What has actually happened is quite ugly and very different from what I just described. Xander the early bird, usually wakes up on his own before everyone, so he sets himself up with his TV shows of Pokemon and Bey Blades, while I sleep in. Then Addie and Andrew wake up, they all fight over who’s turn it is to watch their show, nobody takes the dog out (oh,we got a dog!) and then Drew wakes me up to say that Mimi pooped on the floor. I get up, clean the poop, then try to make a healthy breakfast, which hardly anyone eats, because while I slept, they gorged on fruit snacks and poptarts. Then I shower and figure out what we need to do that day. And its always the same, either grocery shopping, laundry, or somebody’s appointment somewhere. Then I have to scramble to figure out lunch, because by now everyone is starving. In a panic, I resort to hotdogs or chicken nuggets and argue with them over whether or not they can have juice, which I try to ration out every couple of days, trying to explain to them how important it is to drink water. By now, they are bouncing off the walls, as am I because I’ve already heard “mommy can I have….” 1,600 times. At this time, I need to start thinking about dinner, so as not to find myself in that last minute food panic again. I run through the options of who will eat what based on what we’ve recently had, with Drew’s allergies. Contemplating dinner alone is exhausting. I am overwhelmed, not just with food options but with the stink that is coming off these kids. How are they so funky when they’ve barely done anything all day? I dread the fight that’s coming later when I force them to take showers, which they will debate is unnecessary because they aren’t going anywhere.

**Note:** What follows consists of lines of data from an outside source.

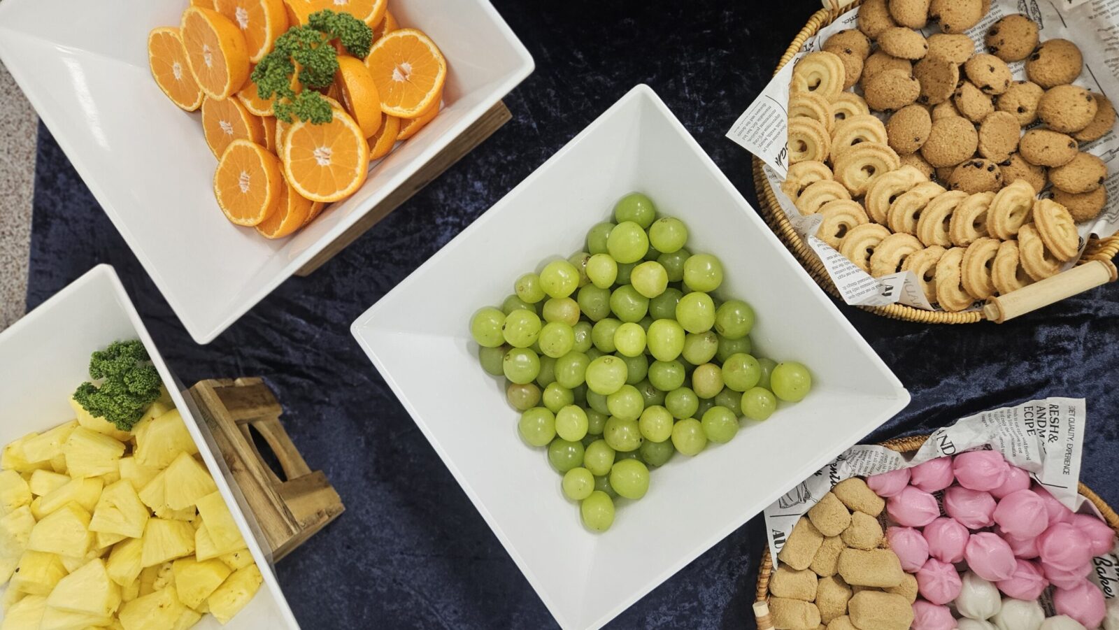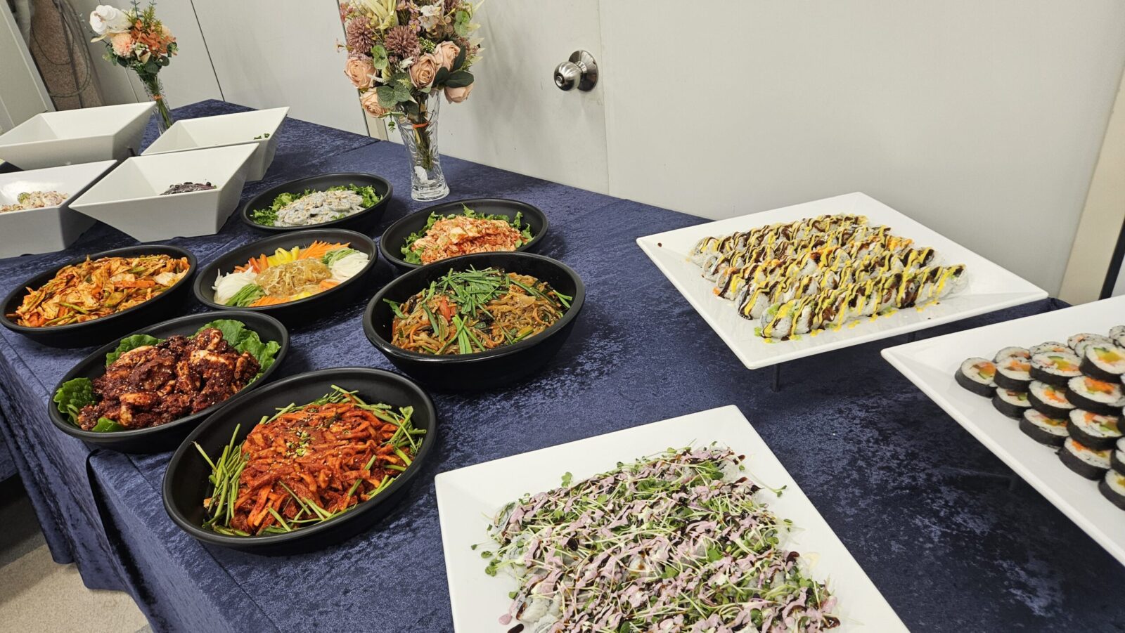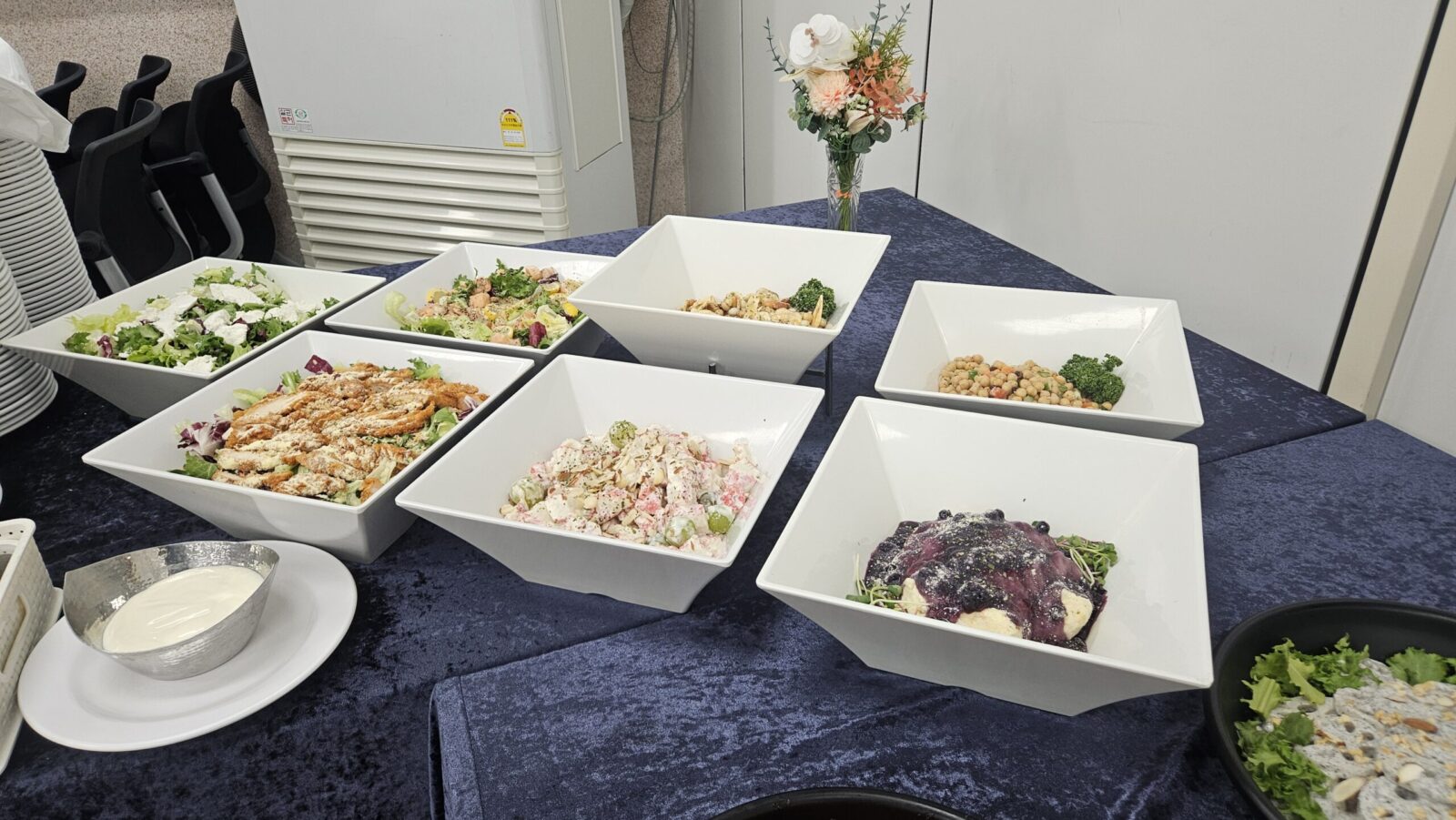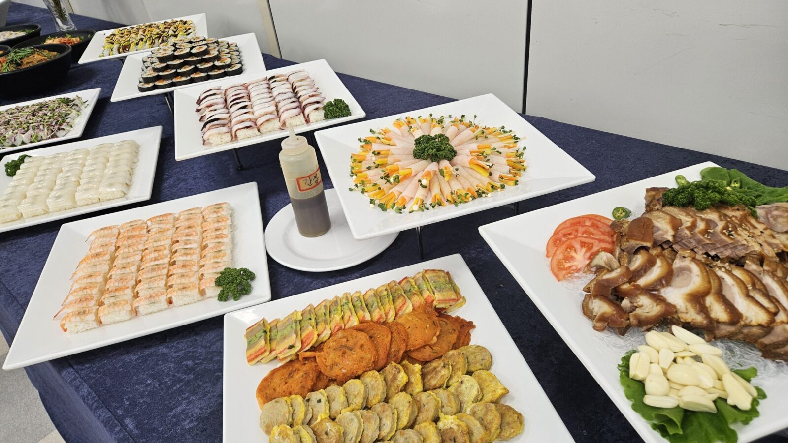 따뜻한 음식은 행사 후반까지 온도가 유지될 수 있도록 관리했고, 차갑게 제공되는 메뉴는 신선함이 살아 있도록 타이밍을 맞춰 세팅했다. 포천 출장 뷔페를 준비하다 보면 항상 느끼는 부분이지만, 이런 공공기관 이·취임식 저녁 행사는 음식이 앞에 나서기보다는 자리를 편안하게 만들어주는 역할을 해야 한다고 생각한다. 화려함보다는 정돈된 느낌, 빠른 진행보다는 여유 있는 식사가 어울리는 자리였다.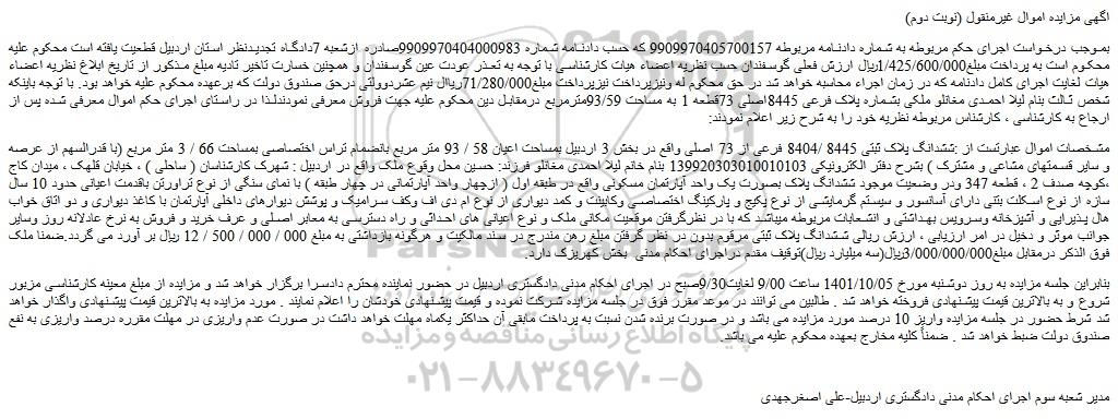 اگهی مزایده اموال غیرمنقول (نوبت دوم)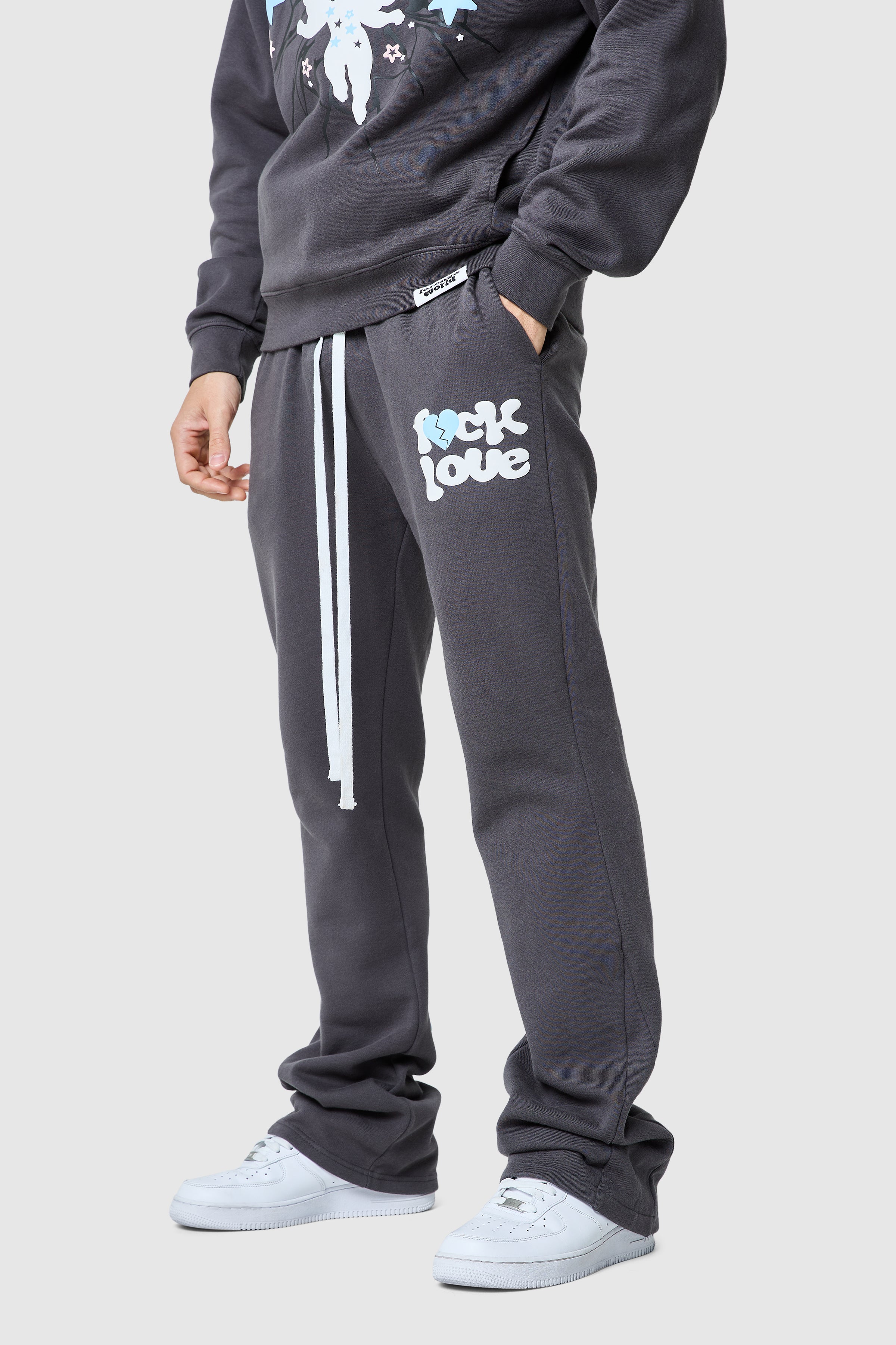 The Fxck Love Jogger features a wide leg fit with a bold new Lorenzo Fxck Love print. Pair with the matching hood for a relaxed, complete look.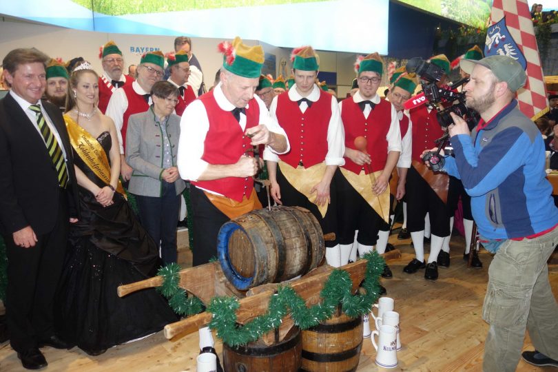 Die Genußregion Oberfranken e.V. hat für ein ganz besonderes Augen-Schmankerl auf der Grünen Woche gesorgt. Auf deren Einladung kamen der Büttnerverein von Kulmbach und die Stadtkapelle Kupferberg zu einem gemeinsamen Auftritt in der Bayernhalle. Einzigartig war vor allem das Anstechen des vereisten Holzfasses mit gutem Kulmbacher Bier. Davon einige Bildereindrücke.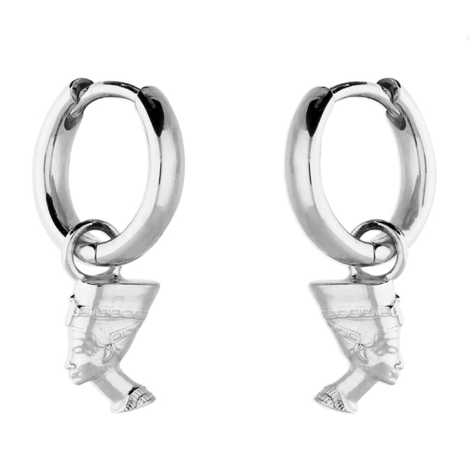 Nefertiti on 13mm huggie hoop in sterling silver. Navya London includes a variety of designs from everlasting classic pieces to those with a modern day twist. Our 925 sterling silver allows for comfortable wear, especially for those with sensitive skin. Our silver products are created by applying traditional processes to contemporary designs inspiration from around the world, ensuring high quality craftsmanship and materials without losing the edge. A perfect gift for yourself or that special person in your life. Your jewel is presented in a beautiful gift box.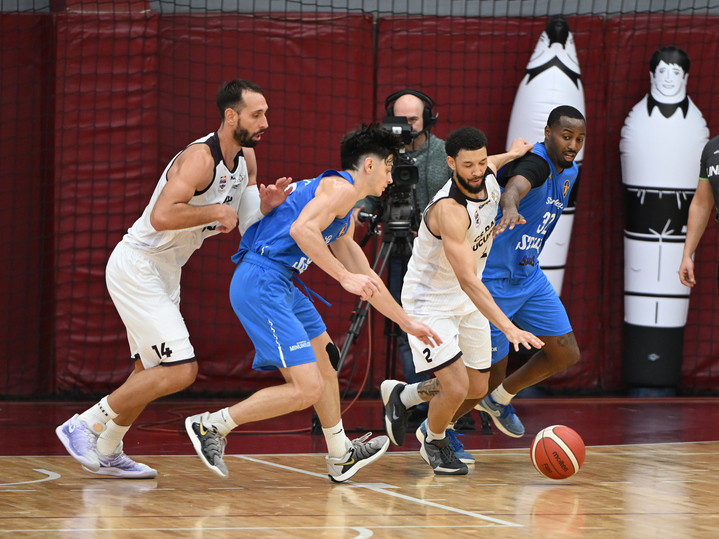 Descriere: Nikola Jevtovic, Albert Mark Stan, Roman Aleen Penn si Demilade Ebose Adeyemi Adelekun in meciul de baschet masculin dintre Rapid Bucuresti si Steaua Sharks Bucuresti, din cadrul Ligii Nationale Getica 95, desfasurat in Sala Rapid din Bucuresti, miercuri 8 octombrie 2025. © FOTO:Razvan Pasarica/SPORT PICTURES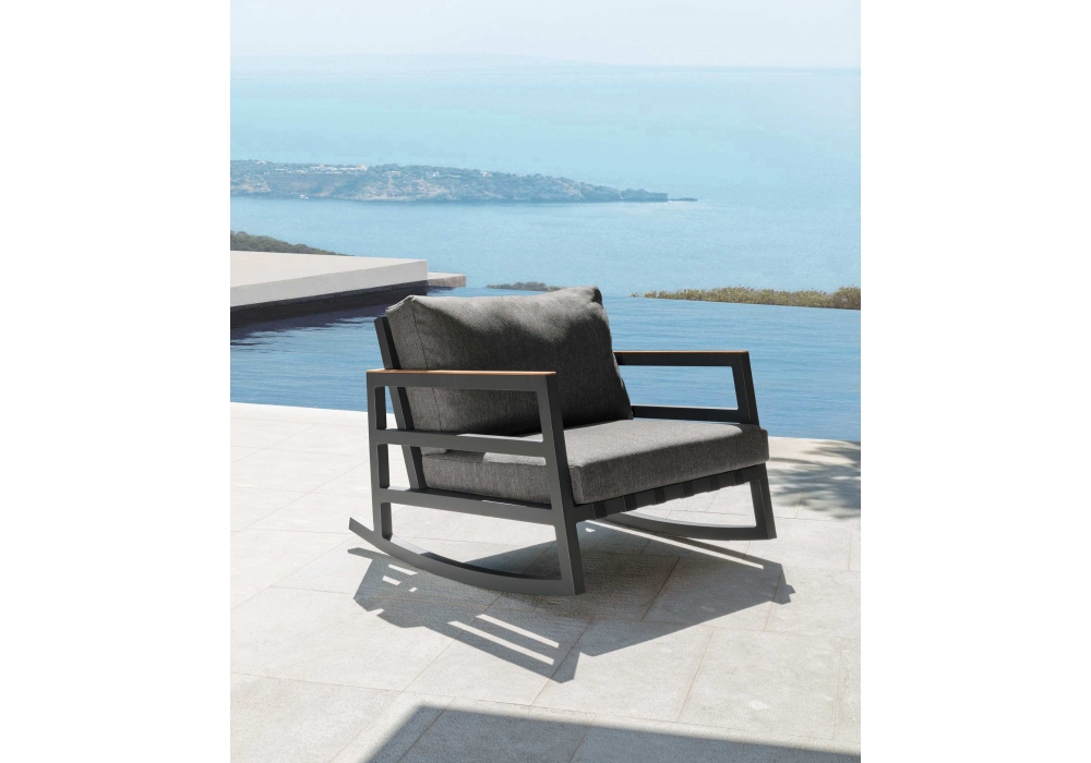 Alabama Alu es un Mecedora diseñado por Marco Acerbis para Talenti. Estructura de aluminio con recubrimiento en polvo. El asiento y el respaldo tienen un soporte de correas elásticas sintéticas, con una tira de teca en la parte superior. Los cojines son de tela, removibles, fáciles de lavar y resistentes a los agentes atmosféricos.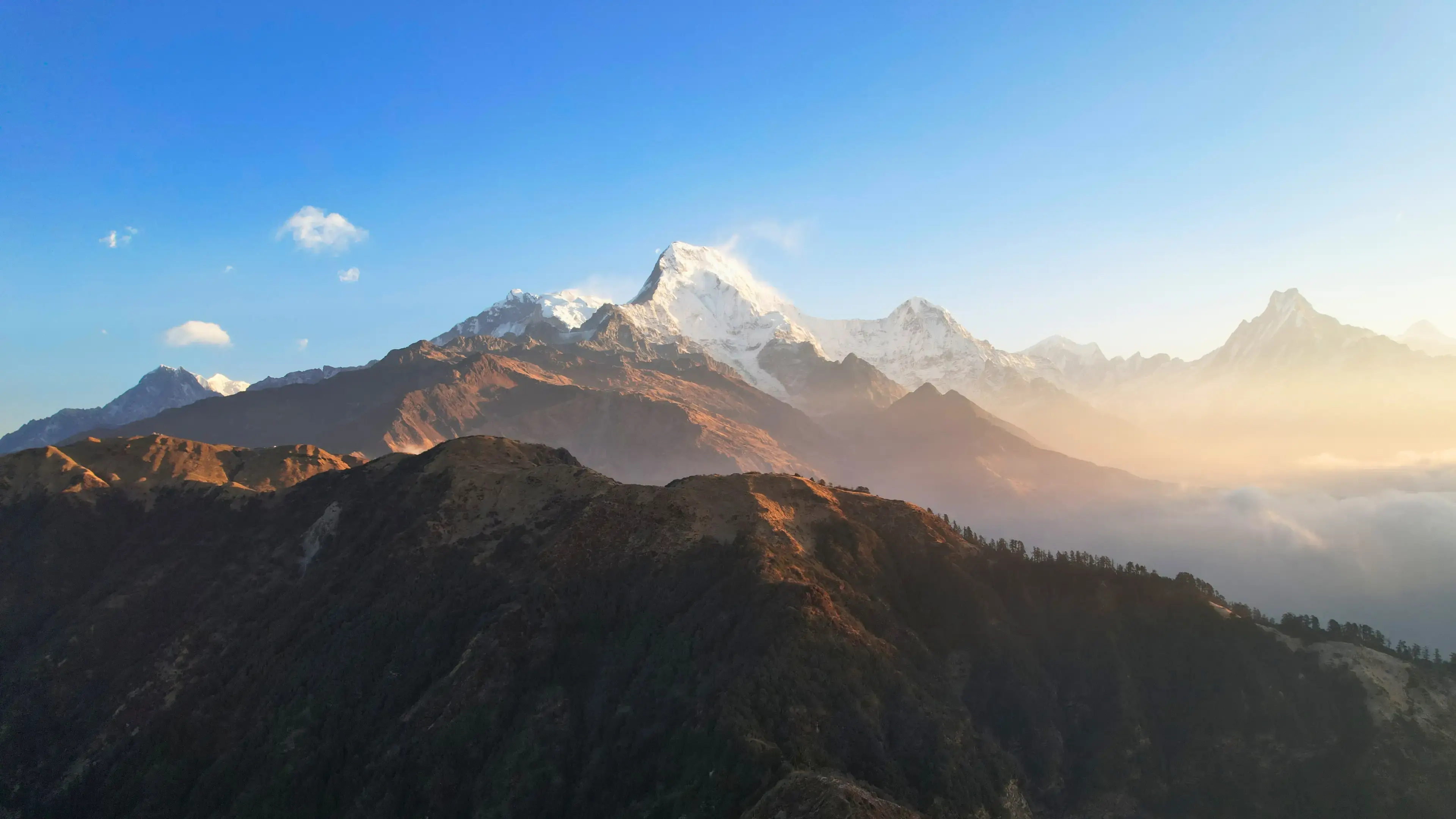 The highlight of the trek comes early the next morning with a pre-dawn hike to Poon Hill (3,210m). As the sky brightens, you’ll witness one of the most iconic sunrises in the Himalayas—golden rays touching the snowy peaks of Dhaulagiri, Annapurna I, Nilgiri, and Machapuchare. It’s a visual spectacle that feels both spiritual and surreal.

Rinse and repeat. For 17 days. We manage to squeeze in a mini vacation which is a wonderful break from the monotony described above, but as we return, school begins the next day. A whole new kind of crazy is set to begin.
My conclusions are that this shit is hard. Parenting that is. Whether you stay home or go away to grown up land, its all hard. Trying to produce happy, healthy, productive little people, and create a clean, happy home, while maintaining a bit of sanity is hard. Because while all this stuff is going on, there’s more real life stuff also happening. Like unexpected deaths, birthdays, bills to pay, hair to wash (believe me, for a naturalista that is a job in and of itself,) work to be done on the house, jobs to apply for, etc. I’m always striving towards balance and as of yet, I have not found it.
We always think the grass is greener on the other side. Oh, if only I didn’t have work in the way, I could be a better mother! I could get so much accomplished and be present for family! Remove work and there are still the same 24 hours in a day. Its not until you are on the other side that you realize that most of the grass is brown on any side. It comes down to what color tint is on your sunglasses.
I could judge myself harshly for what’s gone down these past few weeks, (which I’ve done) or I can look at it as the break we all needed. I’ve been going, going, going trying to be a super hero for my family since its inception in 2006 and sometimes, you need to let crazy happen. Without those poptarts, how will they learn to appreciate the home cooked meals? I push them while they’re in school, so a few weeks of Uncle Grandpa won’t undo their intellect. I’m often the last one to go to sleep and the first one up during the school year, so I deserve those days of sleeping in.
My stint as a stay at home mom won’t last too much longer because I actually got my old job back, holla!! But for the time I have remaining, I will embrace those messy days and ugly moments because that’s part of the balance, and this whirlwind called life.